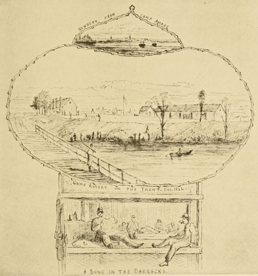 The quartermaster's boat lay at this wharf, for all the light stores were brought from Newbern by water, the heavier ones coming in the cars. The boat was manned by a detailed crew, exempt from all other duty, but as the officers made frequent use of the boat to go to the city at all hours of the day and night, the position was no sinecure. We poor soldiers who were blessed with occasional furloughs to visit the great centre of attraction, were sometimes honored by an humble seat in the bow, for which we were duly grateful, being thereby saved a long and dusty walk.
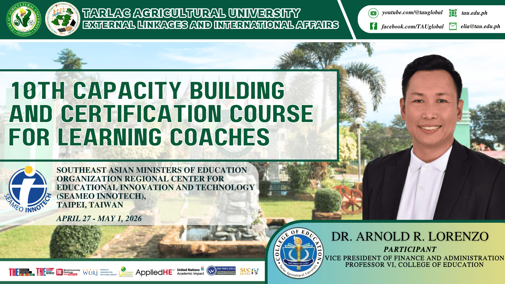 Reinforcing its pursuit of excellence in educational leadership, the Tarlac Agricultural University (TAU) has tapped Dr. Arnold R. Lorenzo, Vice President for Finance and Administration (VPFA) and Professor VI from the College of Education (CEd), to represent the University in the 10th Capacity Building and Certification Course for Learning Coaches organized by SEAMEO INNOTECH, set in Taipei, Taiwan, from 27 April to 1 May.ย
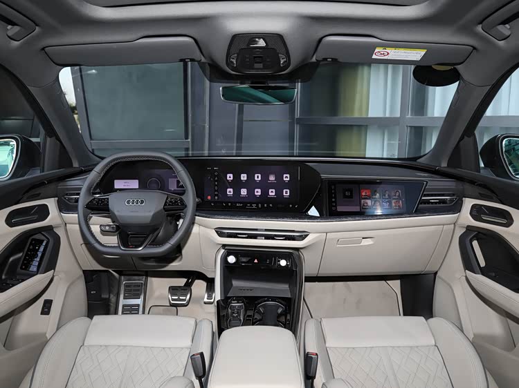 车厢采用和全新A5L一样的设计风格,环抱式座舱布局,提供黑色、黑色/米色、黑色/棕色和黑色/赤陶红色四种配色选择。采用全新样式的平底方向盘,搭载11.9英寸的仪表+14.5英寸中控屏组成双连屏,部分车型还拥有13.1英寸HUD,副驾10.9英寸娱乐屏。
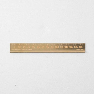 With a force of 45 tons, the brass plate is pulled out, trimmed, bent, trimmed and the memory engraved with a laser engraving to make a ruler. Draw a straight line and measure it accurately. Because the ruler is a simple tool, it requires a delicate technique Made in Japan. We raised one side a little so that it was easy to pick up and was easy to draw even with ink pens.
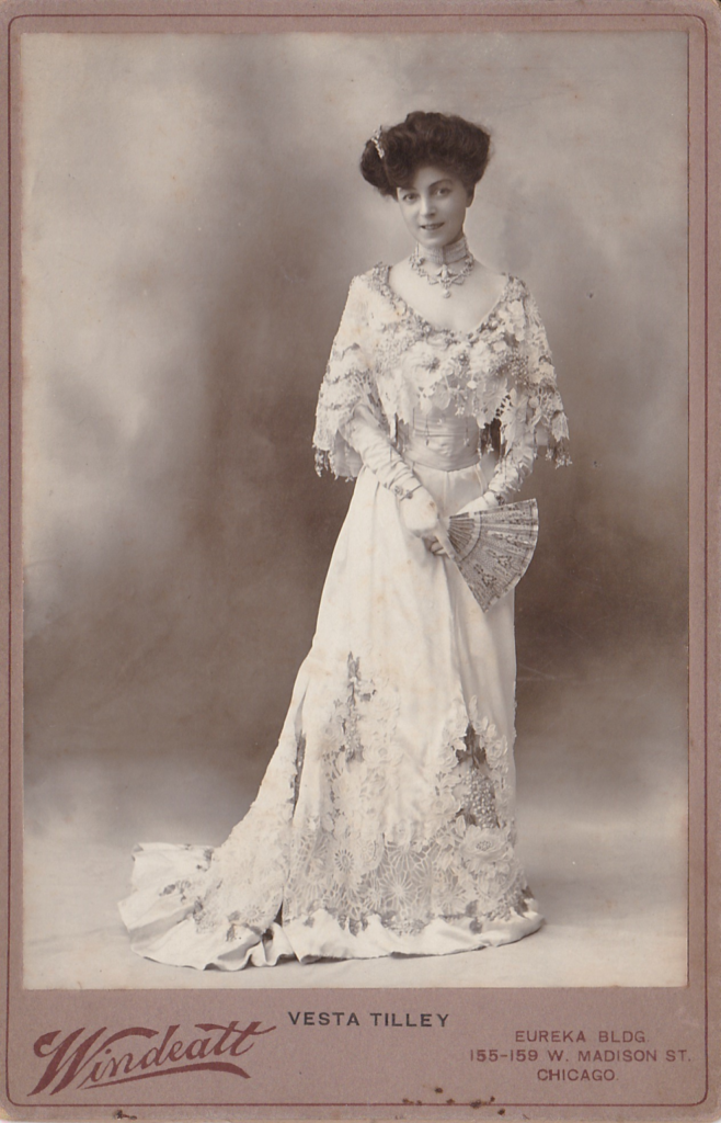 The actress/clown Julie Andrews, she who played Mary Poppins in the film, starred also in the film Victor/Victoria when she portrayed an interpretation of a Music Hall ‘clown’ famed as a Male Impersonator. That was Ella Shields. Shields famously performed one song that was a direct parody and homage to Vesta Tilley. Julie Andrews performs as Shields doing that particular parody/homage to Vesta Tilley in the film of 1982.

▶ Action item:
Would you copy, exactly, each line from the start of the listing above through the line with "With a force", both ends included, but none of the pictures?

▶ Solved exercise:
 The quartermaster's boat lay at this wharf, for all the light stores were brought from Newbern by water, the heavier ones coming in the cars. The boat was manned by a detailed crew, exempt from all other duty, but as the officers made frequent use of the boat to go to the city at all hours of the day and night, the position was no sinecure. We poor soldiers who were blessed with occasional furloughs to visit the great centre of attraction, were sometimes honored by an humble seat in the bow, for which we were duly grateful, being thereby saved a long and dusty walk.
 Reinforcing its pursuit of excellence in educational leadership, the Tarlac Agricultural University (TAU) has tapped Dr. Arnold R. Lorenzo, Vice President for Finance and Administration (VPFA) and Professor VI from the College of Education (CEd), to represent the University in the 10th Capacity Building and Certification Course for Learning Coaches organized by SEAMEO INNOTECH, set in Taipei, Taiwan, from 27 April to 1 May.ย
 车厢采用和全新A5L一样的设计风格,环抱式座舱布局,提供黑色、黑色/米色、黑色/棕色和黑色/赤陶红色四种配色选择。采用全新样式的平底方向盘,搭载11.9英寸的仪表+14.5英寸中控屏组成双连屏,部分车型还拥有13.1英寸HUD,副驾10.9英寸娱乐屏。
 With a force of 45 tons, the brass plate is pulled out, trimmed, bent, trimmed and the memory engraved with a laser engraving to make a ruler. Draw a straight line and measure it accurately. Because the ruler is a simple tool, it requires a delicate technique Made in Japan. We raised one side a little so that it was easy to pick up and was easy to draw even with ink pens.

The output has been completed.